Amazon.com: Epistemology (9780133416459): Richard Feldman: Books


----------



## Wayne (Jan 18, 2010)

Seth, Seth, Seth. Haven't we taught you anything? 

Yes, someone, somewhere knows something about the book. And I'm sure the author's mother could tell you volumes about Mr. Feldman, if she was so disposed. 

 But that's not helpful, is it? No sir. I do not know anything about that book.

More helpful: Google search in quote marks the title and separately also in quote marks the author. That pulls up, among others, the Amazon listing for the book. There are some reviews there, though from a variety of backgrounds and not necessarily Reformed, which is what you are looking for. Other of the Google search returns indicate that some of Feldman's articles and even one earlier book are online. Lastly, there is this final exam by Feldman, with student comments attached. Makes my head swim. I learned that Feldman is a foundationalist, whatever that is.


----------



## sastark (Jan 18, 2010)

I was specifically wondering if anyone had used this book or knew what sort of philosopher/what kind of background Richard Feldman comes from.

Thanks for the info, though Wayne. Judging by that final, I can say I am glad I am not taking the class *from* Feldman.


----------



## Wayne (Jan 18, 2010)

I was dizzy just reading it!


----------



## CharlieJ (Jan 18, 2010)

sastark said:


> I was specifically wondering if anyone had used this book or knew what sort of philosopher/what kind of background Richard Feldman comes from.
> 
> Thanks for the info, though Wayne.

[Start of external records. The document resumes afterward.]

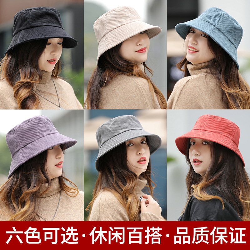 コーデュロイ漁夫帽女性ネット赤ファッション秋冬保温帽子高品質の顔を見せています。
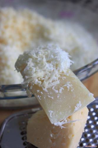 Натереть на мелкой терке сыр ( смочив терку водой )
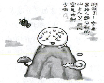 11. 观察下面漫画中的推理(明白了!空气是按人头分配的,山上人少,所以,空气也就少啦!)。对此,下列说法正确的是(
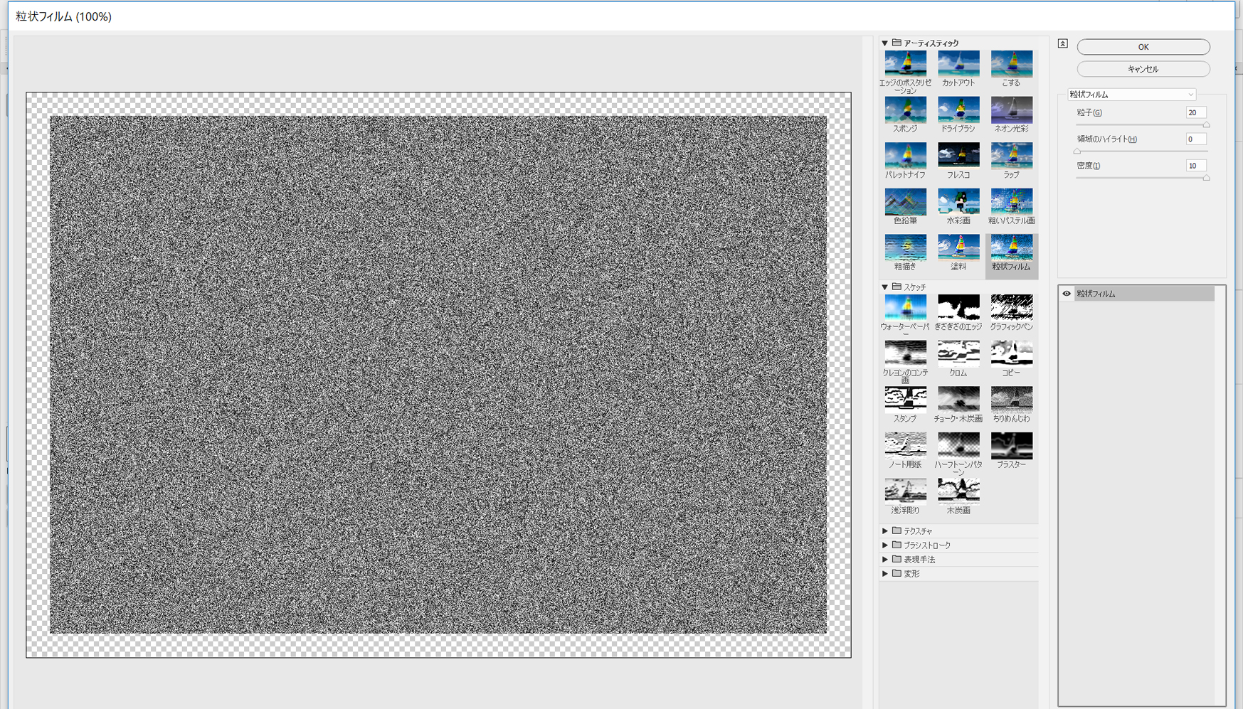 それを選択して、色を黒(#000000)に設定します。不透明度を15%に下げ、ブレンドモードをソフトライトに変更してから、[効果>効果ギャラリー>粒状フィルム]を選択します。 次の図に示す属性を入力して、「OK」ボタンをクリックします。
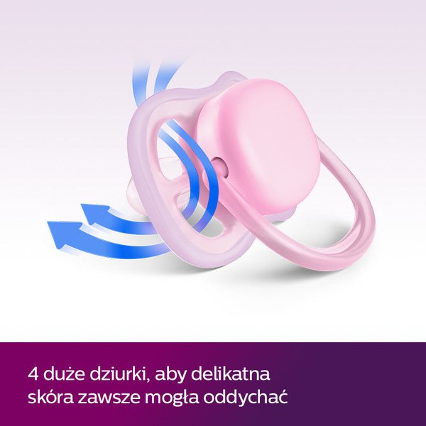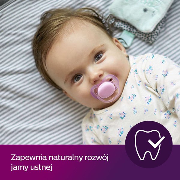 - Ortodontyczny, symetryczny i miękki smoczek - Płaskie smoczki Philips AVENT w kształcie kropli opracowano z dbałością o naturalny rozwój podniebienia, zębów i dziąseł dziecka. Spełniają te wymagania, nawet jeśli smoczek obróci się w buzi.

Judging by that final, I can say I am glad I am not taking the class *from* Feldman.



Are you kidding? I would love to meet any teacher that could prepare you for an exam like that.


----------



## Philip (Jan 18, 2010)

Wikipedia provides a basically accurate description of foundationalism:



> Foundationalism is any theory in epistemology (typically, theories of justification, but also of knowledge) that holds that beliefs are justified (known, etc.) based on what are called basic beliefs (also commonly called foundational beliefs). Basic beliefs are beliefs that give justificatory support to other beliefs, and more derivative beliefs are based on those more basic beliefs. The basic beliefs are said to be self-justifying or self-evident, that is, they enjoy a non-inferential warrant (or justification), i.e., they are not justified by other beliefs. Typically and historically, foundationalists have held either that basic beliefs are justified by mental events or states, such as experiences, that do not constitute beliefs (these are called nondoxastic mental states), or that they simply are not the type of thing that can be (or needs to be) justified.


----------